- Official Poster
- Directed by: Eicke Bettinga
- Written by: Eicke Bettinga Zorana Piggott
- Produced by: Zorana Piggott
- Starring: Matt Smith John Vine Amanda Boxer Guy Flanagan
- Cinematography: André Götzmann
- Edited by: Dan Robinson Oliver Szyza
- Music by: Rhett Brewer
- Release date: May 2009 (Cannes);
- Running time: 14 minutes
- Country: United Kingdom
- Language: English

= Together (2009 film) =

Together is a short film drama directed by Eicke Bettinga and starring Matt Smith. The film premiered in the Critics' Week section at the 2009 Cannes Film Festival.

==Premise==
A year after his brother's death, Rob discovers that the only way to help his father cope with the loss is to "force" his affection onto him.

==Critical reception==
"How fine is the line that separates an unilateral embrace from a struggle?
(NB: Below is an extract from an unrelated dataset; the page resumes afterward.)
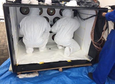 Contêiner onde está o detector completo; sensores de luz sendo fixados no interior do detector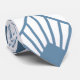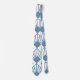 Cette cravate a un design art déco de diamants bleus poussiéreux avec des lignes diagonales et des diamants bleus foncés sur un champ de blanc.

Eicke Bettinga reinvents the elaboration of a loss, starting from suffused grief to explode in a climax where the only language that still seems to have any meaning is that of the body." - Milano Film Festival.

"Together focuses the narrative on an emotional build-up rather than on momentous explanations and futile dialogue. Gazes, pauses, and gestures reveal more about the relationships than words could suggest." - Nisimazine, Cannes 2009.